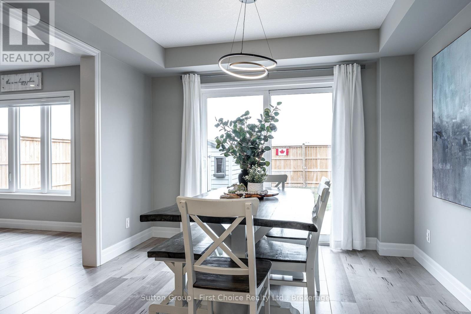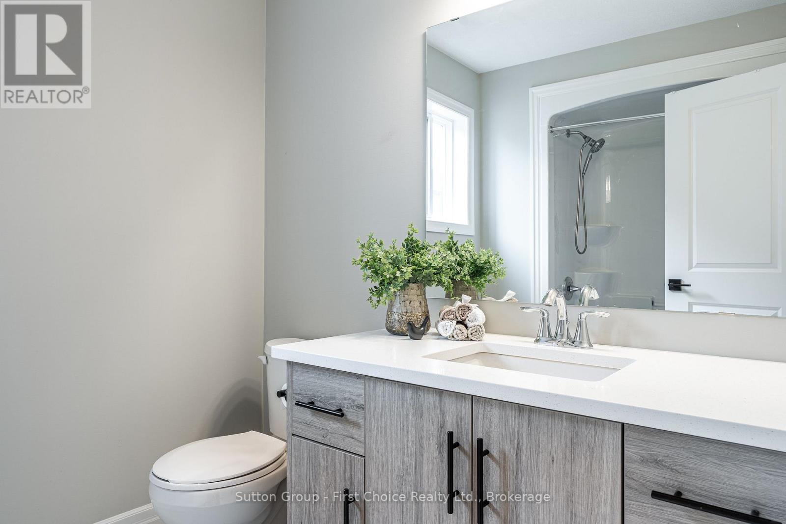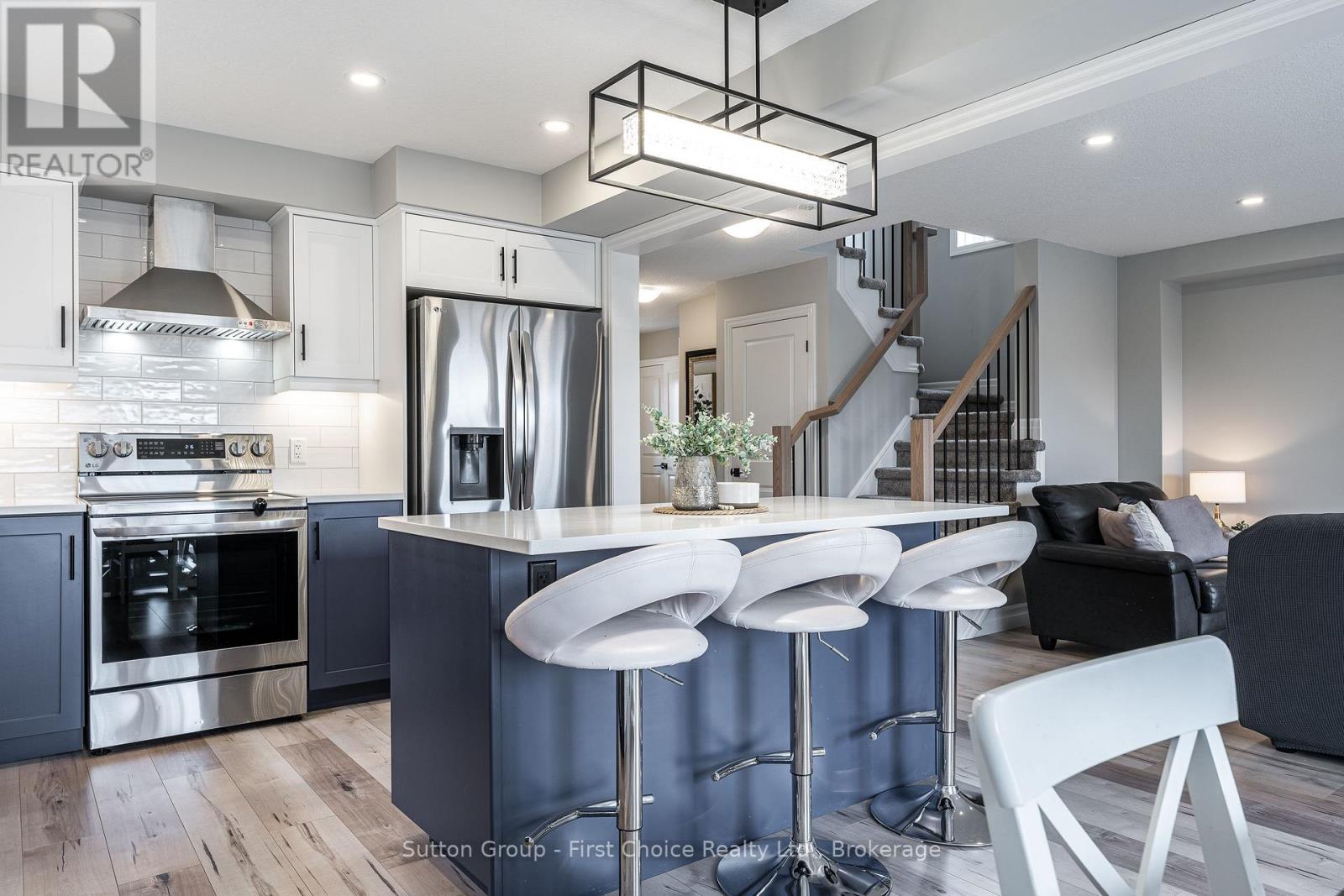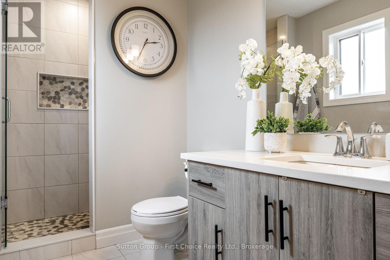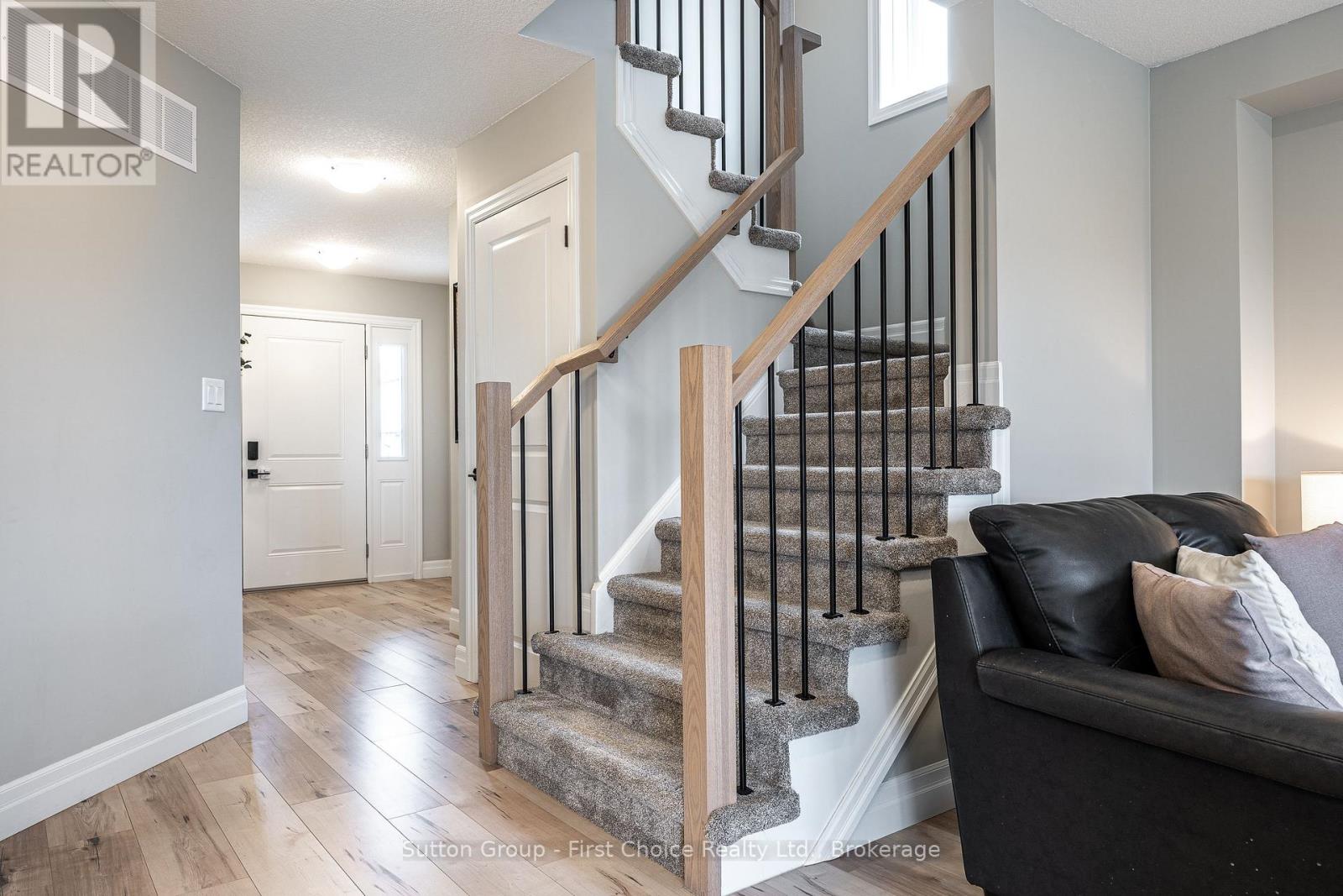 Welcome to 236 Bradshaw Drive, Stratford - where modern living meets comfort, style, and upgrades. Situated in the desirable Avon Ward, this move-in ready Earth Park home offers a beautifully designed layout just steps from a future park, the Stratford Rotary Complex, Stratford Farmers' Market and nearby schools. The open-concept main floor is bright and airy, featuring a beautifully updated kitchen with natural stone countertops, stylish cabinetry, a new modern backsplash and seamless flow into the dining and living spaces, perfect for everyday living and entertaining. Large windows with upgraded black exteriors enhance the home's curb appeal while flooding the interior with natural light. Upstairs, the spacious primary suite offers a walk-in closet and a beautifully finished 3-piece ensuite with a large walk-in shower and quartz countertops, designed with a clean, modern aesthetic. Two additional generously sized bedrooms, a full 4-piece bathroom, and convenient second-floor laundry complete the upper level. The unfinished basement presents incredible potential, complete with a bathroom rough-in and all the space needed to create a rec room, home gym, or future in-law suite. Step outside to a fully transformed exterior, featuring an impressive large stamped concrete patio, new concrete walkways, extended front steps, and an 8' fully fenced yard with two thoughtfully placed gates. Additional highlights include a Pinehaven shed, upgraded exterior pot lighting, insulated garage doors and hot tub electrical rough-in. This is the turnkey home you've been waiting for. Contact your Realtor today to book your private showing. ** This is a linked property.** (id:64974)
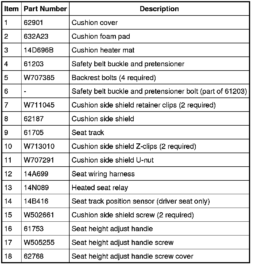NOTE: LH seat with 4-way seat track shown, 2-way similar. For RH seat cushion Occupant Classification Sensor (OCS) system components, refer to Supplemental Restraint System Service and Repair.
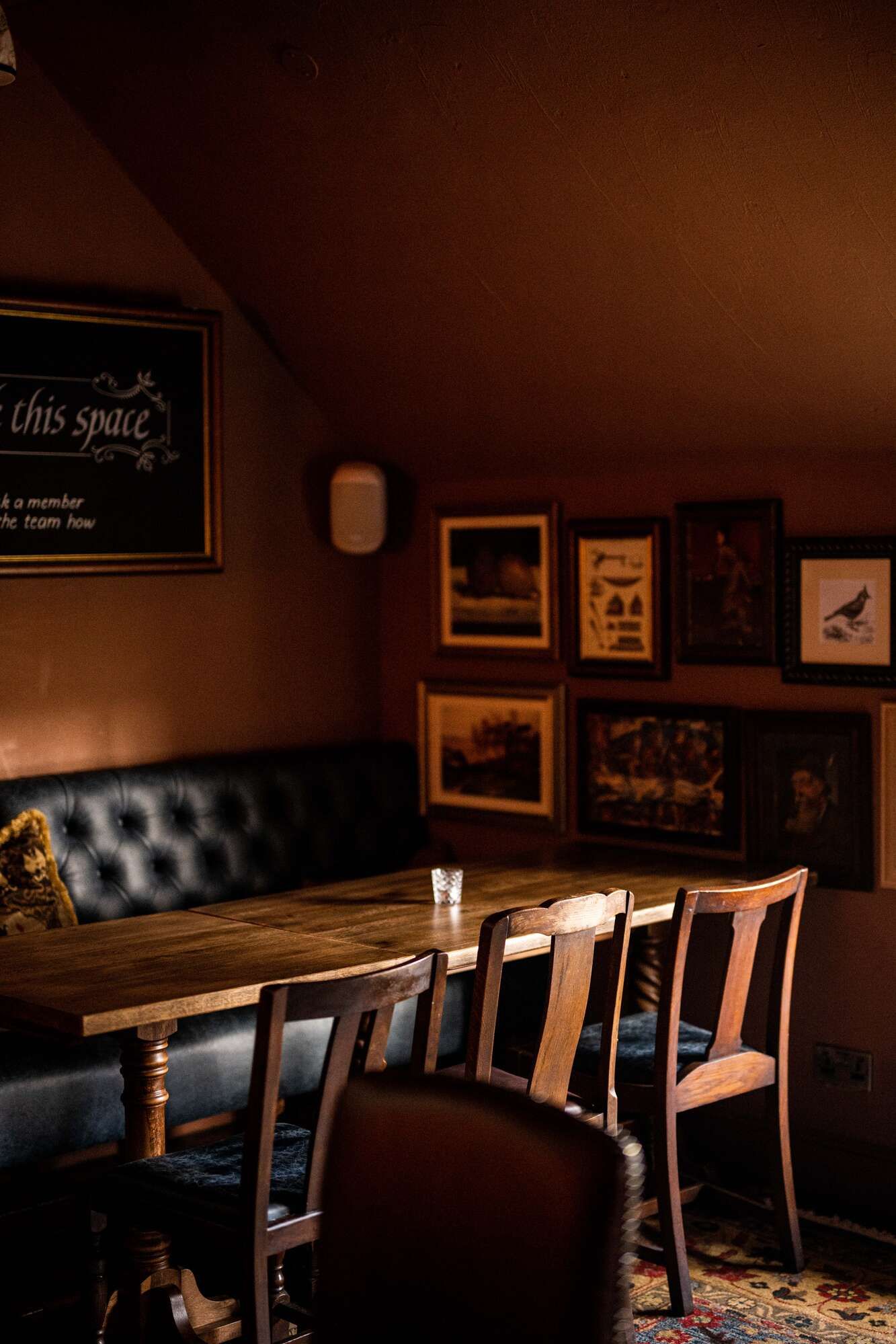 Located on the first floor, this private area overlooks the restaurant, giving you a bird’s eye view of our beautiful pub. Available to book independently or in conjunction with The Restaurant for larger groups.
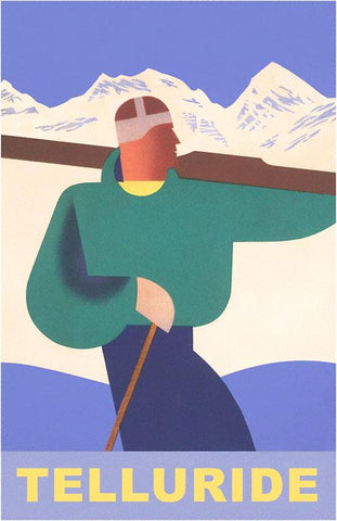 CO-220 Stylized Skier at Telluride, Colorado - Vintage Image

::::::

ACTION ITEM: Each line above should be written out again exactly, without any image.

RESPONSE BOX:
 Welcome to 236 Bradshaw Drive, Stratford - where modern living meets comfort, style, and upgrades. Situated in the desirable Avon Ward, this move-in ready Earth Park home offers a beautifully designed layout just steps from a future park, the Stratford Rotary Complex, Stratford Farmers' Market and nearby schools. The open-concept main floor is bright and airy, featuring a beautifully updated kitchen with natural stone countertops, stylish cabinetry, a new modern backsplash and seamless flow into the dining and living spaces, perfect for everyday living and entertaining. Large windows with upgraded black exteriors enhance the home's curb appeal while flooding the interior with natural light. Upstairs, the spacious primary suite offers a walk-in closet and a beautifully finished 3-piece ensuite with a large walk-in shower and quartz countertops, designed with a clean, modern aesthetic. Two additional generously sized bedrooms, a full 4-piece bathroom, and convenient second-floor laundry complete the upper level. The unfinished basement presents incredible potential, complete with a bathroom rough-in and all the space needed to create a rec room, home gym, or future in-law suite. Step outside to a fully transformed exterior, featuring an impressive large stamped concrete patio, new concrete walkways, extended front steps, and an 8' fully fenced yard with two thoughtfully placed gates. Additional highlights include a Pinehaven shed, upgraded exterior pot lighting, insulated garage doors and hot tub electrical rough-in. This is the turnkey home you've been waiting for. Contact your Realtor today to book your private showing. ** This is a linked property.** (id:64974)
NOTE: LH seat with 4-way seat track shown, 2-way similar. For RH seat cushion Occupant Classification Sensor (OCS) system components, refer to Supplemental Restraint System Service and Repair.
 Located on the first floor, this private area overlooks the restaurant, giving you a bird’s eye view of our beautiful pub. Available to book independently or in conjunction with The Restaurant for larger groups.
 CO-220 Stylized Skier at Telluride, Colorado - Vintage Image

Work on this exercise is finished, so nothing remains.